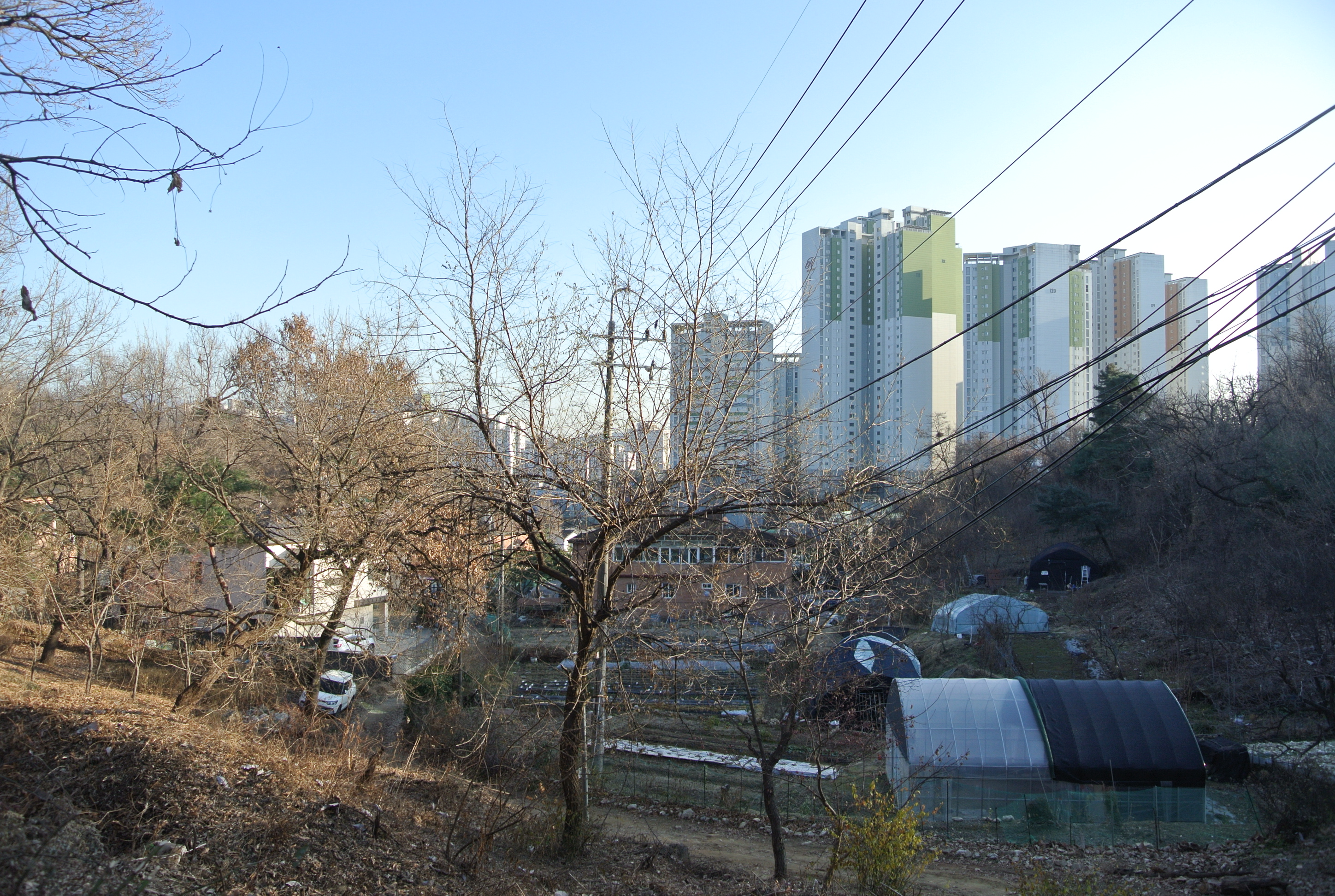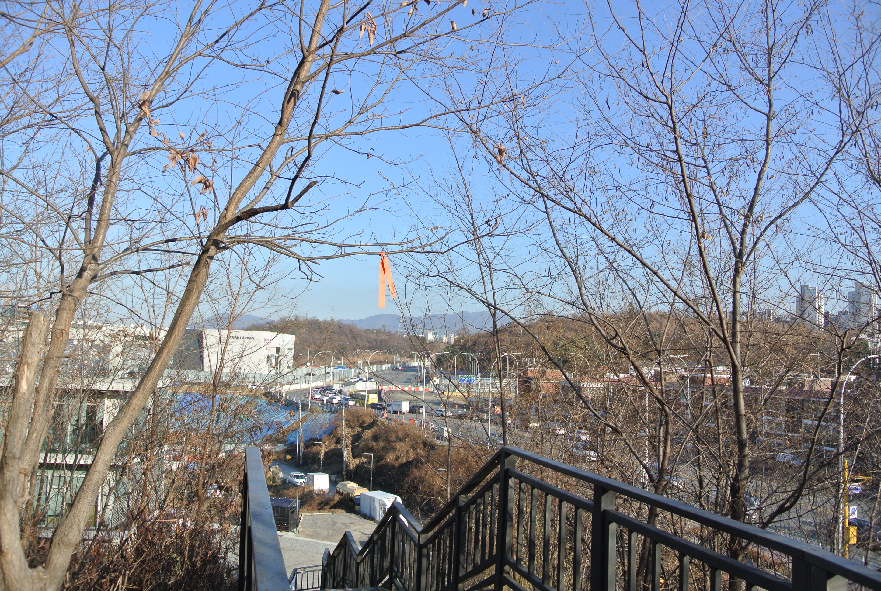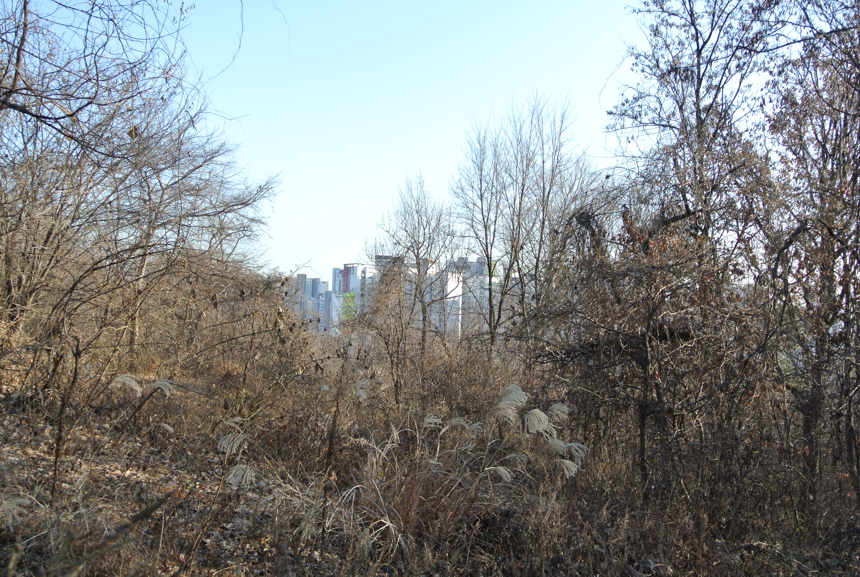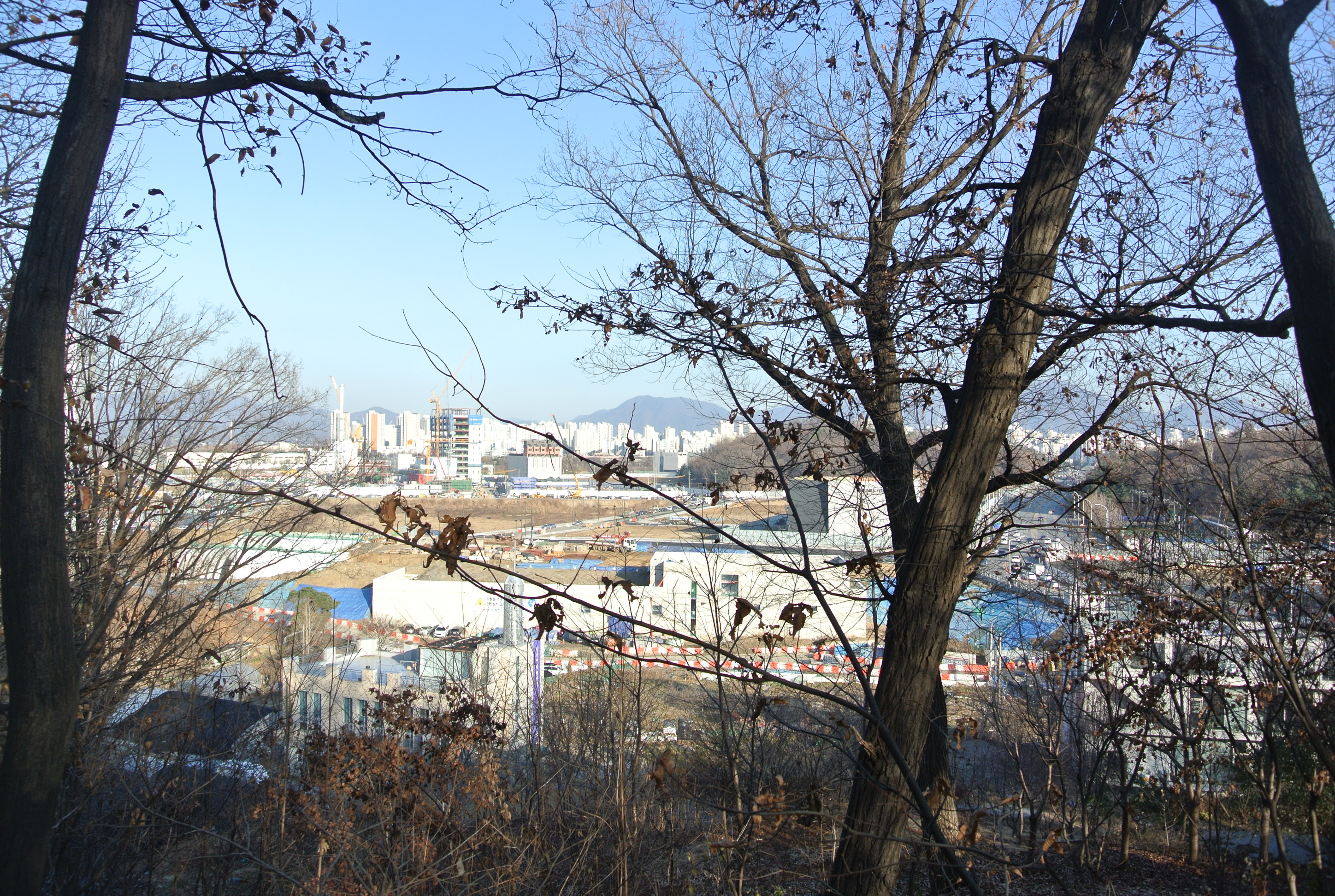 알의 오른쪽 야산은 방죽근린공원, 왼쪽은 고덕천 곁의 강일동 야산.
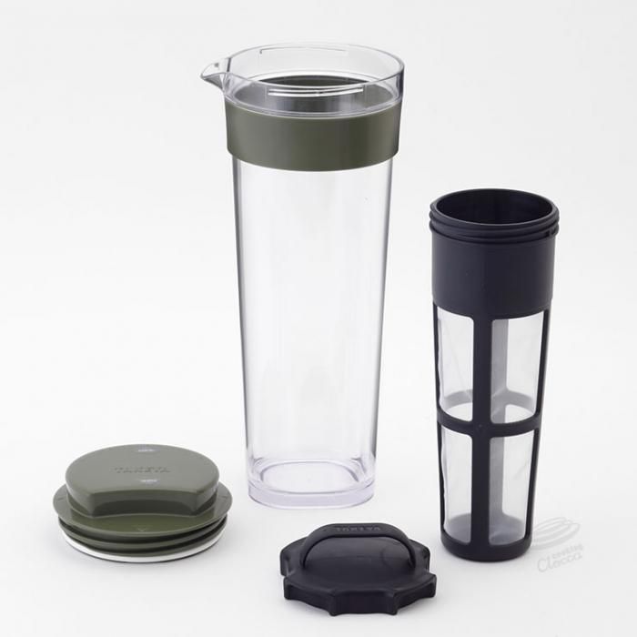 ○ 茶こしに蓋がついているので粉が飛び散らず、横置きでも水出しコーヒーが作れます。
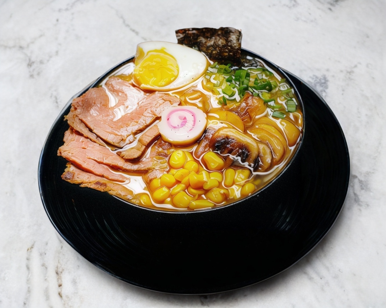 Caldo shoyu, arrachera camarón, elote, cebollin, champiñones, huevo y Naruto
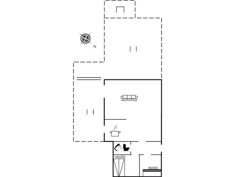 "Jeip" - 400m to the fjord", 2-room house 69 m2. Object suitable for 2 adults + 3 children. Living room with TV, radio and DVD. 1 room with 1 double bed. 1 room with 1 x 2 bunk beds. Kitchen (oven, dishwasher, 4 ceramic glass hob hotplates, microwave, freezer). Shower/WC. Terrace 10 m2, roofed.
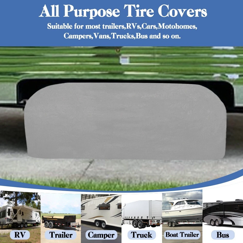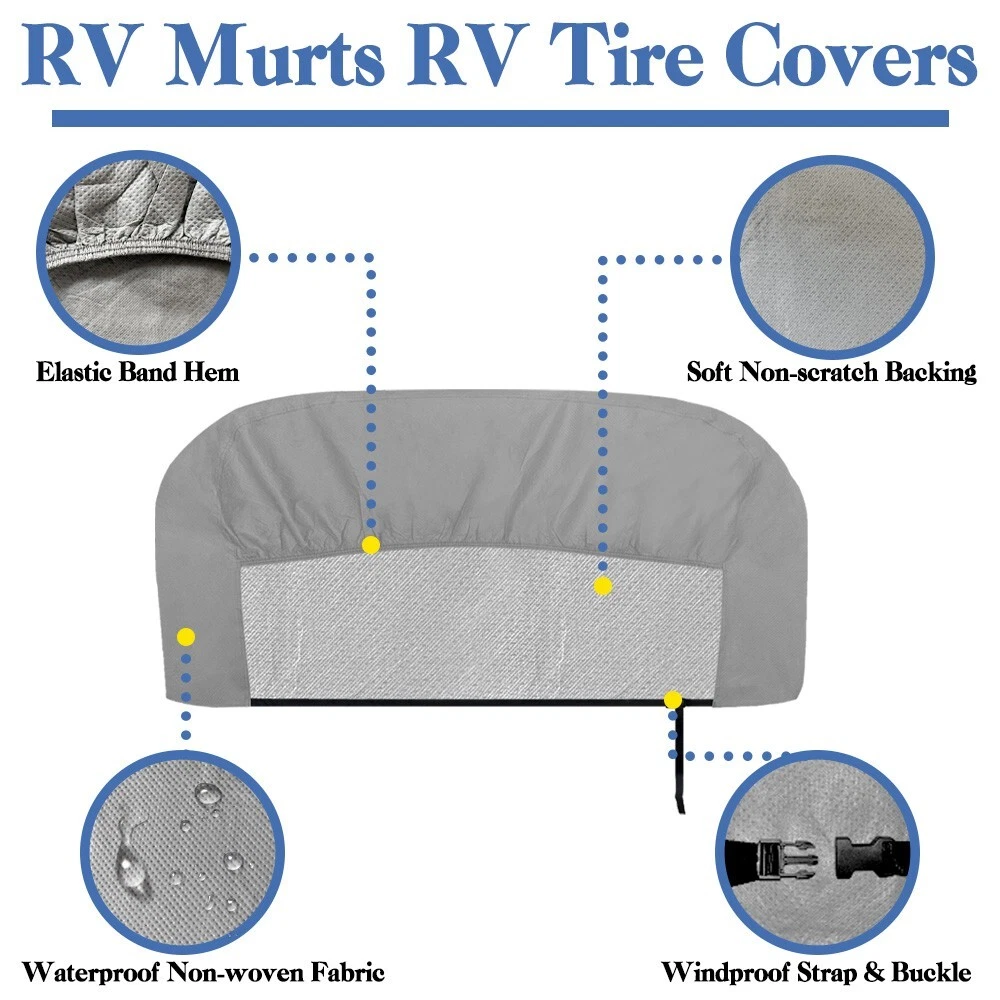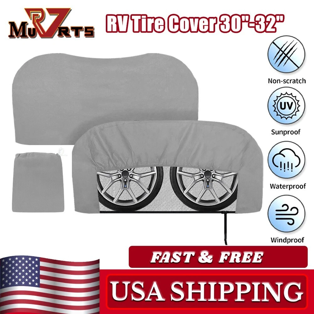 RV Murts RV Tire Covers 2 Pack, Dual Axle Wheel Cover Non-Woven Fiber Tire Wheel Protector for RV, Truck, Trailer, Camper, Boat, Universal Fit Motorhome Wheel Cover for 30"-32" Tire Diameter, Gray. Waterproof Surface Durable water resistant coating with UV stabilized treatment, long-lasting and tough to protect your tire. Soft Non-scratch Backing The inner layer is a soft, non-scratch backing that better protects the tire surface from abrasion. Adjustable Cam Buckle Adjustable cam buckle with windproof straps hold the camper tire covers securely in place, it won't be easily blown away by the wind. Windproof Elastic Cord Hem The elastic cord allows the RV tire cover to tighten and fit the tire better to prevent it from blowing away on windy days. Easy to install in seconds. About this item Wide Compatibility: RV Murts trailer tire covers includes 2 sets Dual Axle wheel covers, fits 30"-32" tandem tires in diameter. Universal used for RV, truck, tavel trailer, tandem axle trailer, camper, boat, motorhome. Suitable for all seasons. All-round protection RV Wheel Covers: Double Axle camper tire cover is made of 3 layers of waterproof non-woven material with UV-resistant, water-resistant surface to protect tires from sun damage, snow, rust, dust, corrosion and all types of weather, better protect your tires. 3-Layers Premium Material: The camper tire cover has 3-layer structures, which is more tear-resistant. Surface is durable non-woven fabric with excellent Anti-UV and waterproof performance. Middle is micropore breathable PE film, which is more breathable than vinyl. The inner layer is soft non-scratch backing, which protects the surface of the tire better. Unique Windproof Design: Equipped with elastic cord hem, windproof strap and adjustable buckle, can be adjusted to the right size at any time. The unique design has remarkably raised the wind resistance capacity, not easy to be blown away by the wind ensures more secure fit. Easy to Use: The RV wheel covers are very easy to use, can be installed in a minute. With our complimentary storage bag, is lightweight and portable. And the trailer tire cover is easy to clean, wipe only with clean water.
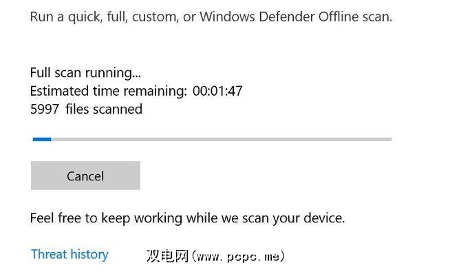 打开开始菜单或点击 Windows键,然后键入 Windows Defender ,然后按Enter。点击病毒和威胁防护图标,然后点击扫描选项。选中完全扫描选项,以完全扫描计算机中的威胁。
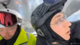 02:58:04Die Gruppe diskutiert ihre Geschwindigkeiten auf der Piste. Einer erreicht 66,4 km/h, was für einen Anfänger als krasst empfunden wird. Die Ski-Lehrerin hat ihnen als blutige Anfänger eine klare Ansage gemacht und bemängelt ihr hohes Tempo. Sie haben daraus gelernt und versuchen nun, ihre Technik zu verbessern, um sicherer und kontrollierter zu fahren, besonders bei unerwarteten Situationen.
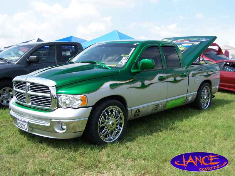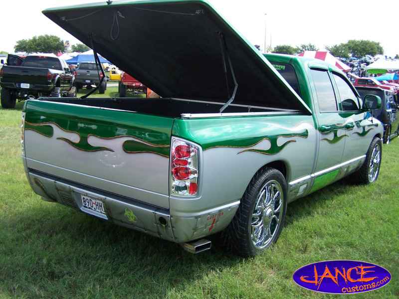 Two-tone Kandy Green over Silver.Hulk mural on bed cover.Machinery all around bottom.Under hood parts Kandy.Tailgate shaved.Hood scoop.l.e.d.'s.Train horn.
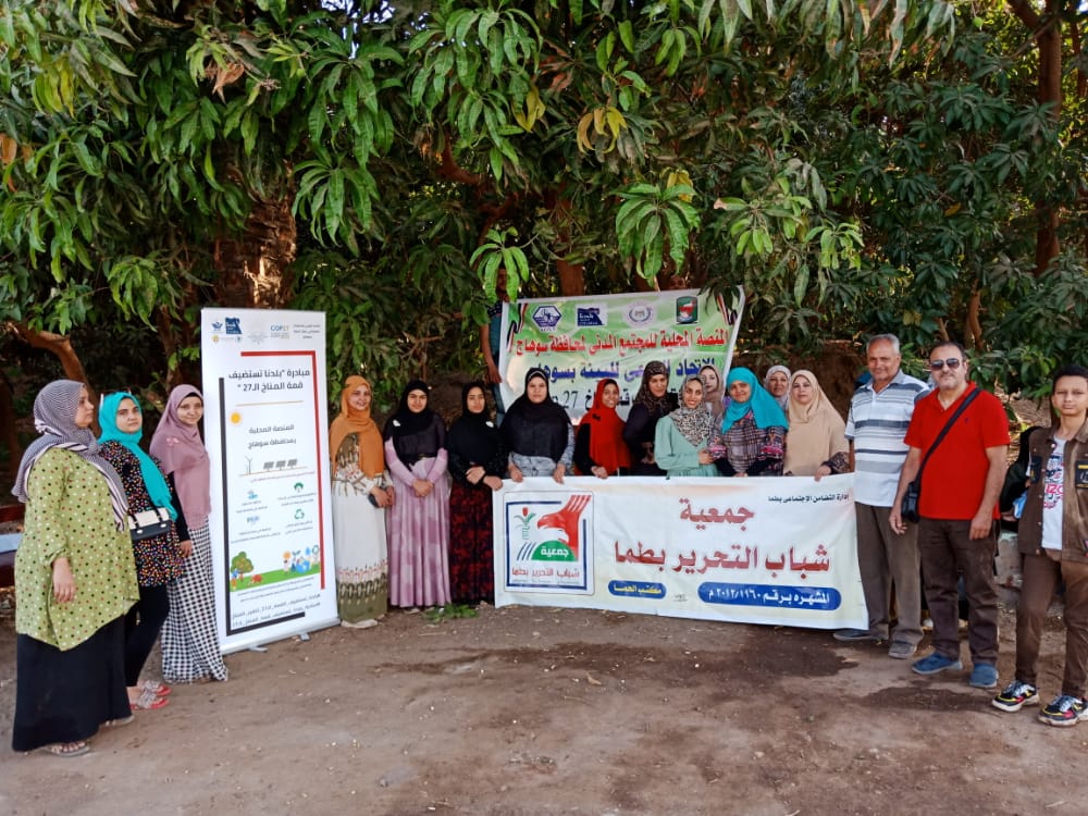 نظمت المنصة المحلیة للمبادرة في محافظة سوھاج مجموعة من الأنشطة في مجال التوعیة بالتغیرات المناخیة وأثارھا على المجتمع، تضمنت ھذه الأنشطة ندوة لتوعیة السیدات بمدینة طما، بضرورة ترشید الموارد الطبیعیة، واستھلاك الطاقة، وتخفیف استھلاك الكیماویات، والتخلص السلیم من المخلفات المنزلیة.
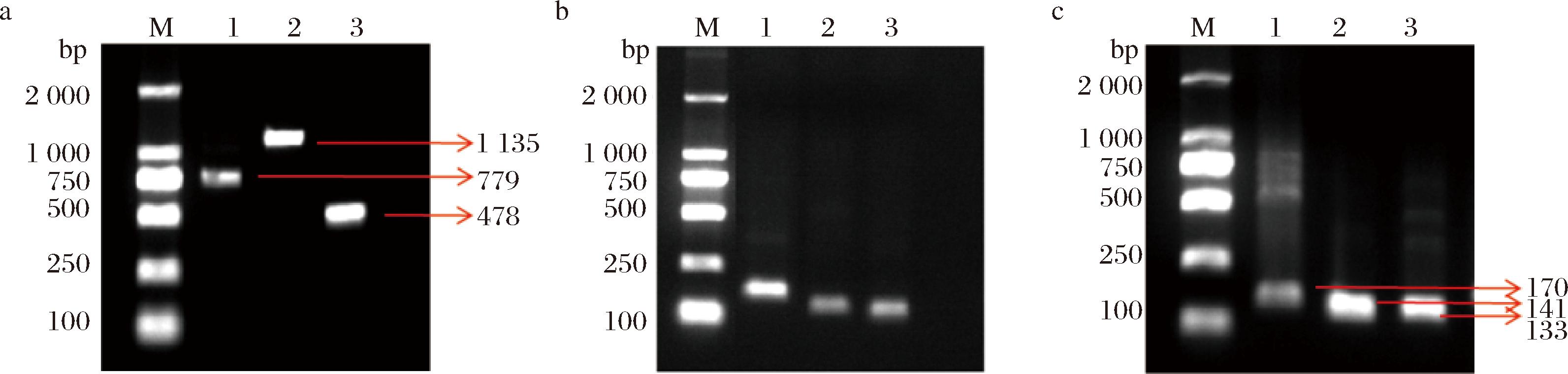 3种目标细菌基因的第一轮扩增结果如图2-a所示,结果显示大肠埃希氏菌(uidA)、鼠伤寒沙门氏菌(hilA)和金黄色葡萄球菌(nuc)的DNA分别在779、1 135、478 bp处出现扩增条带,与设计引物的目标片段长度一致,表明第一轮扩增满足后续实验要求。
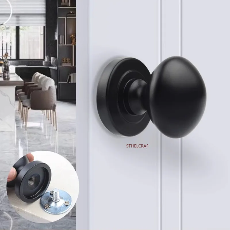 Zinc Alloy Barn Door Handles Indoor Bedroom Wooden Doors Round Single-hole Handles Wardrobe Door Drawer Knobs Furniture Hardware $11.32

REQUIREMENT
Begin at the top of the records above and retype each line exactly until the line containing "10 m2, roofed.", which is included. Skip all pictures.

RESPONSE
 알의 오른쪽 야산은 방죽근린공원, 왼쪽은 고덕천 곁의 강일동 야산.
 ○ 茶こしに蓋がついているので粉が飛び散らず、横置きでも水出しコーヒーが作れます。
 Caldo shoyu, arrachera camarón, elote, cebollin, champiñones, huevo y Naruto
 "Jeip" - 400m to the fjord", 2-room house 69 m2. Object suitable for 2 adults + 3 children. Living room with TV, radio and DVD. 1 room with 1 double bed. 1 room with 1 x 2 bunk beds. Kitchen (oven, dishwasher, 4 ceramic glass hob hotplates, microwave, freezer). Shower/WC. Terrace 10 m2, roofed.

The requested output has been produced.